Peculiar Sum regarding the Reciprocal Binomial Coefficients

Hint. One may observe that $$ \frac{1}{\binom{2n}{n}}=n\int_0^1 t^{n-1}(1-t)^ndt,\qquad n\ge1, $$ giving $$ \sum_{n=0}^\infty\frac{1}{\binom{2n}{n}}=1+\int_0^1 \sum_{n=1}^\infty nt^{n-1}(1-t)^n\:dt=1+\int_0^1\frac{t-1}{\left(t^2-t+1\right)^2}dt=\frac{2}{27} \left(18+\sqrt{3} \pi \right) $$ the latter integral is classically evaluated by partial fraction decomposition.
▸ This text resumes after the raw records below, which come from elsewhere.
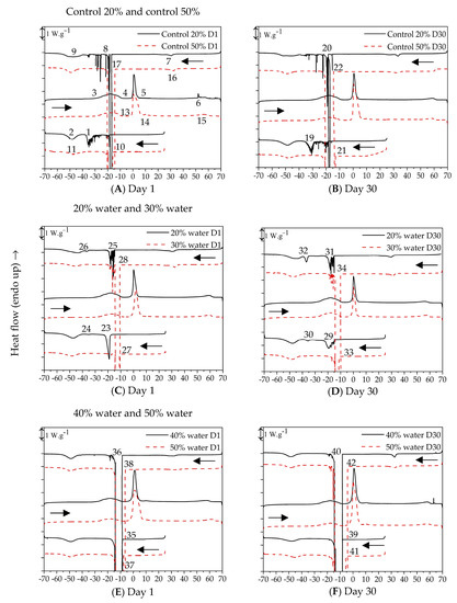 DSC freeze/thaw thermograms of water-in-oil emulsions under aging (on day 1 and day 30) for control emulsions with 20 and 50 wt.% water without LMP (A,B) and 20, 30, (C,D) 40, and 50 wt.% (E,F) water emulsions with LMP. Samples were cooled from 25 °C to −70 °C, and then heated to 70 °C, followed by a second cooling to −70 °C, at a rate of 5 °C/min. Arrows indicate the direction of the temperature cycle. Important peaks are identified with numbers and are discussed in the text.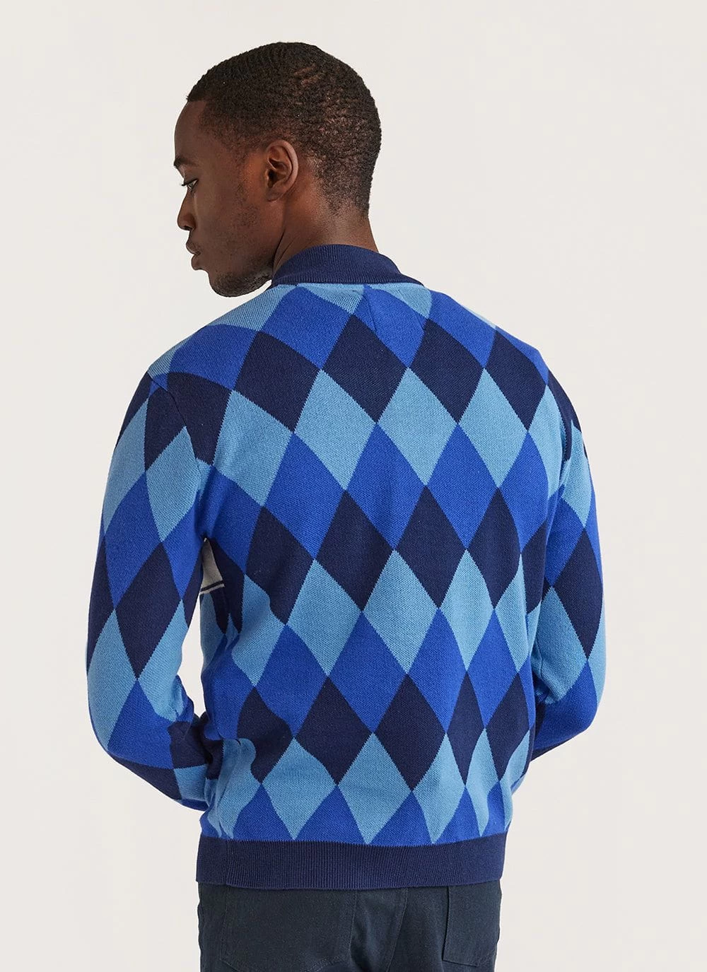 Men’s knitted quarter zip in a double bed jacquard design, finished with a ribbed neck, cuff and hem - Material: 100% Cotton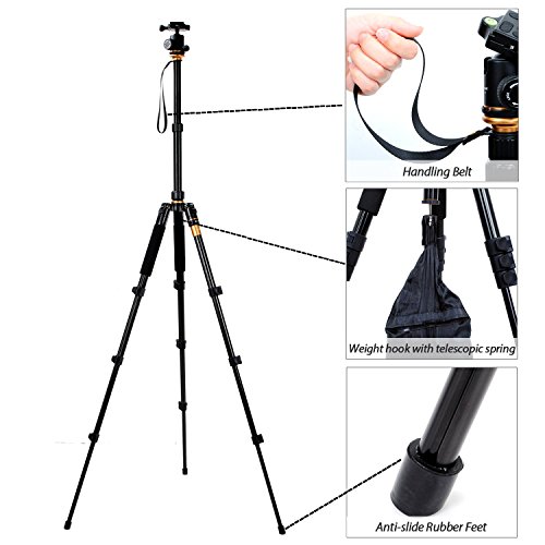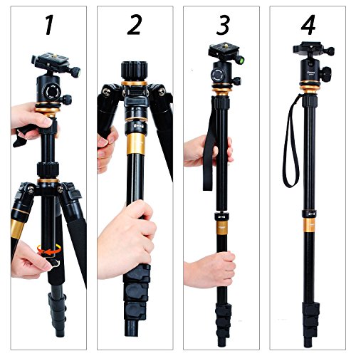 All images of Leaptek Professional Portable Magnesium Aluminium Alloy Tripod Monopod Kit with Ball Head For DSLR SLR Camera DV Canon Nikon Petax Sony + Waist Tripod Holder Max Height: 141cm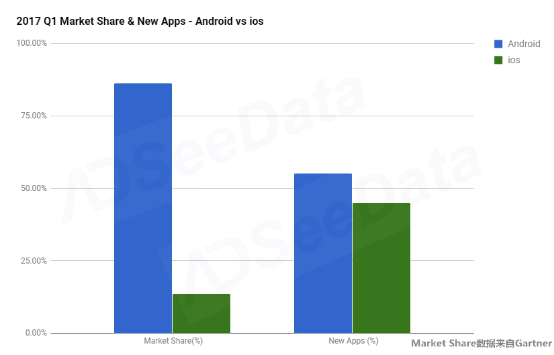 据2017年第一季度智能手机追踪报告显示,Android与iOS全球份额差距正越拉越大,Android市场份额已经接近iOS的6倍;但据AdSeeData监测,同一时间段iOS与Android在Facebook每日新增推广应用的数量差距则不大,也表明广告主对于高利润的iOS用户的获取争夺激烈。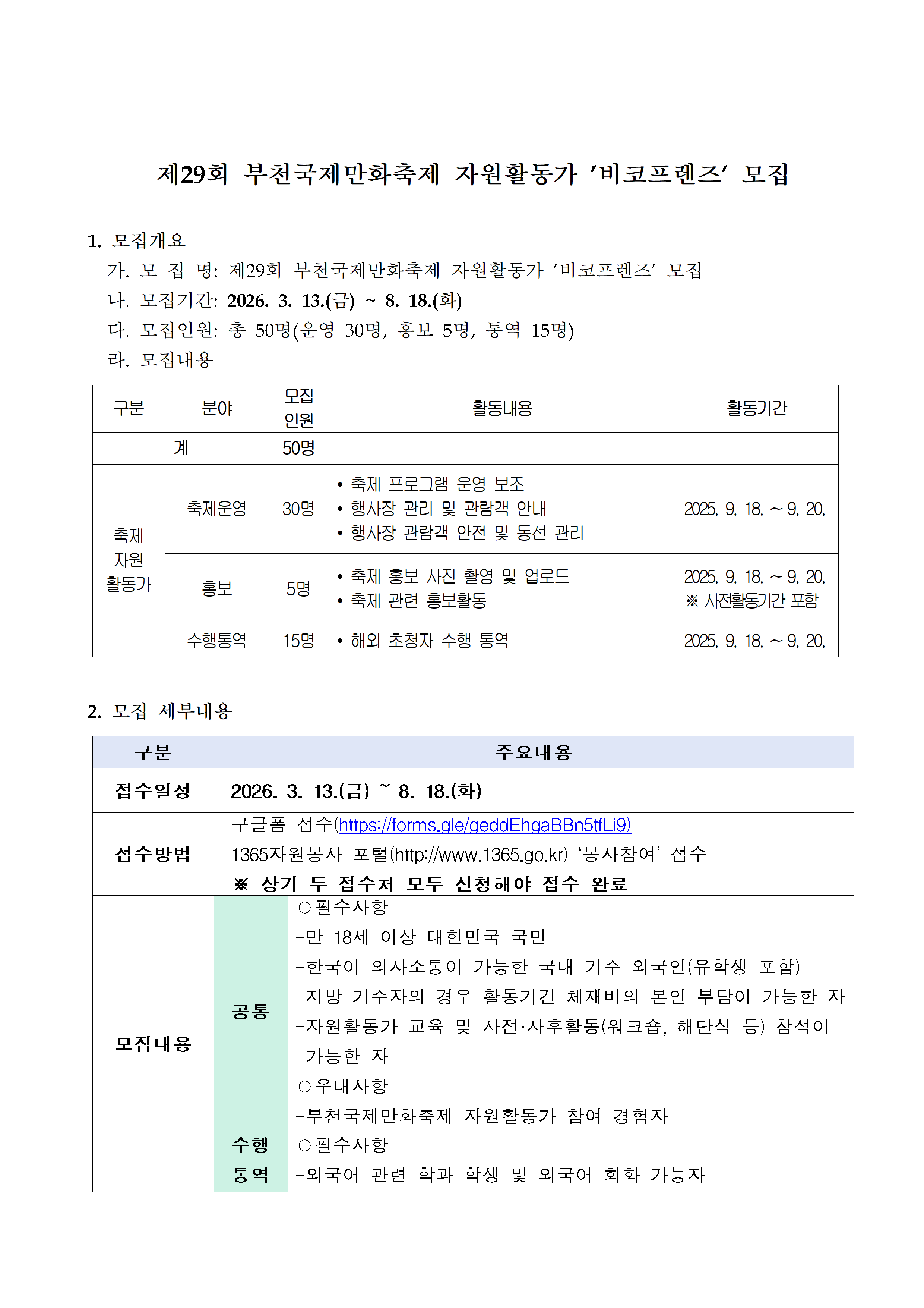 제29회 부천국제만화축제 자원활동가 '비코프렌즈'를 모집합니다!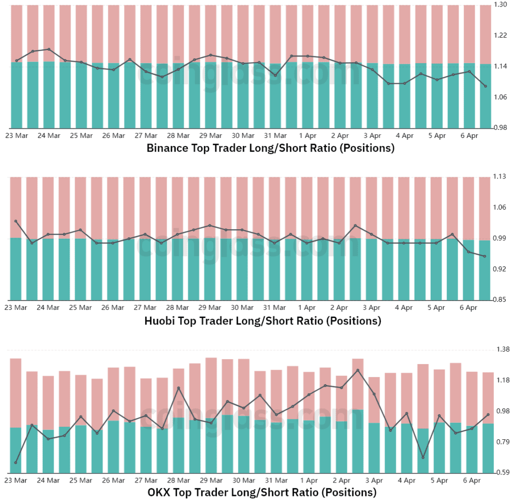 Między 1 kwietnia a 7 kwietnia stosunek pozycji długich do krótkich na Binance nieznacznie spadł z 1,17 do 1,09. Tymczasem na giełdzie Huobi stosunek pozycji długich do pozycji krótkich u najlepszych traderów od 18 marca wynosił blisko 1,0. Dokładniej rzecz biorąc, stosunek ten spadł z 1,00 1 kwietnia do 0,95 7 kwietnia. I jest względna równowaga między pozycjami długimi i krótkimi.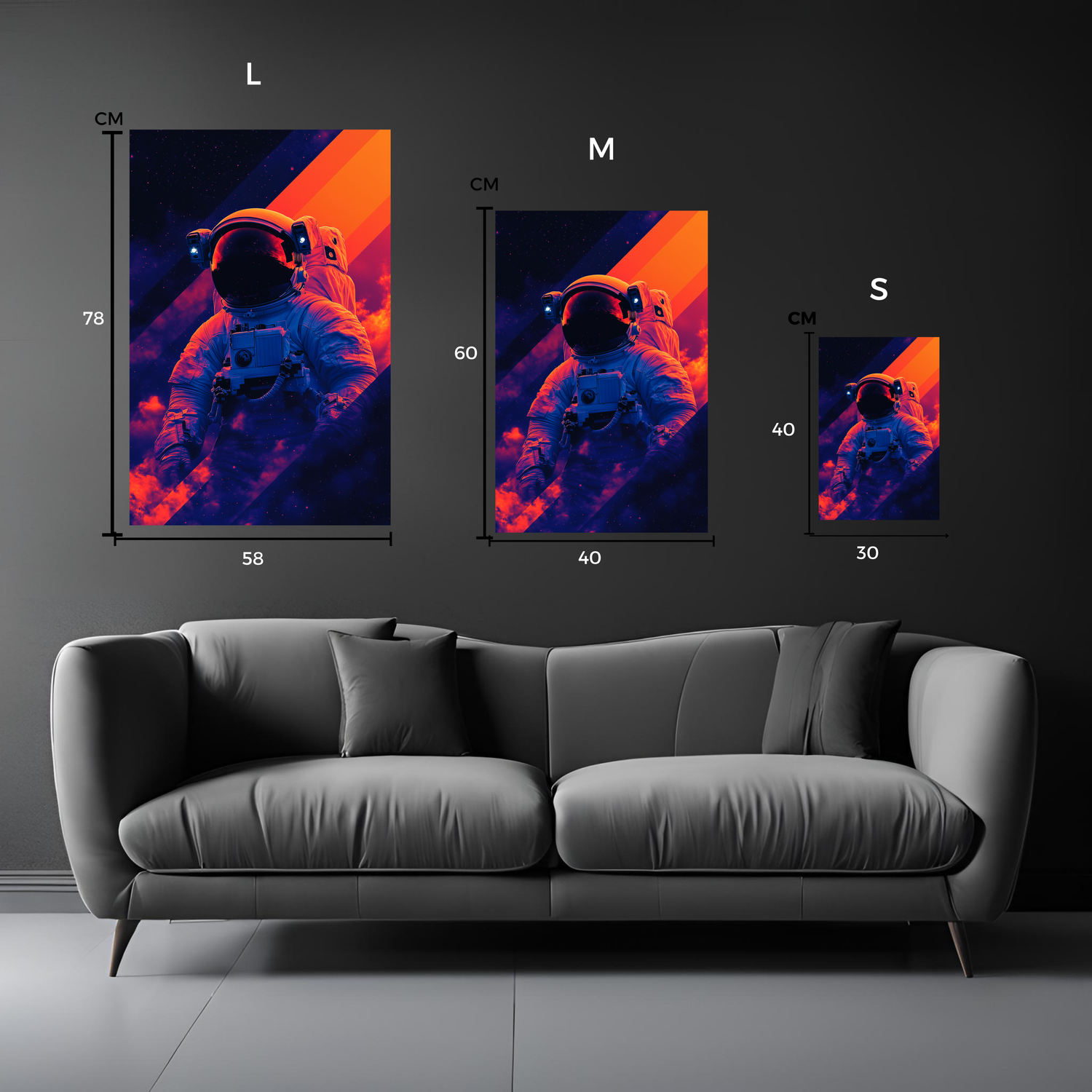 Small 30x40 cm, Medium 40 x 60 cm, Large: 58 x 78 cm |

\begin{eqnarray*} \binom{2n}{n} ^{-1} = \frac{2n+1}{2^{2n+1}} \int_{-1}^{1} (1-x^2)^n dx \end{eqnarray*} Substitute this for summand and inerchange the order of the integral and sum. \begin{eqnarray*} \int_{-1}^{1} \sum_{n=0}^{ \infty} \frac{2n+1}{2^{2n+1}} (1-x^2)^n dx &=& \frac{1}{2} \int_{-1}^{1} \left(2\frac{(\frac{1-x^2}{4})}{(1-(\frac{1-x^2}{4}))^2}+ \frac{1}{1-(\frac{1-x^2}{4})} \right) dx \\ = \int_{-1}^{1} \frac{16}{(3+x^2)^2} dx - \int_{-1}^{1} \frac{2}{(3+x^2)} dx \end{eqnarray*} Now use the standard integrals \begin{eqnarray*} \int_{-1}^{1} \frac{1}{(3+x^2)} dx = \frac{ \pi}{3 \sqrt{3}} \\ \int_{-1}^{1} \frac{1}{(3+x^2)^2} dx = \frac{ 1}{12} + \frac{ \pi}{18 \sqrt{3}} \\ \end{eqnarray*} and the result follows.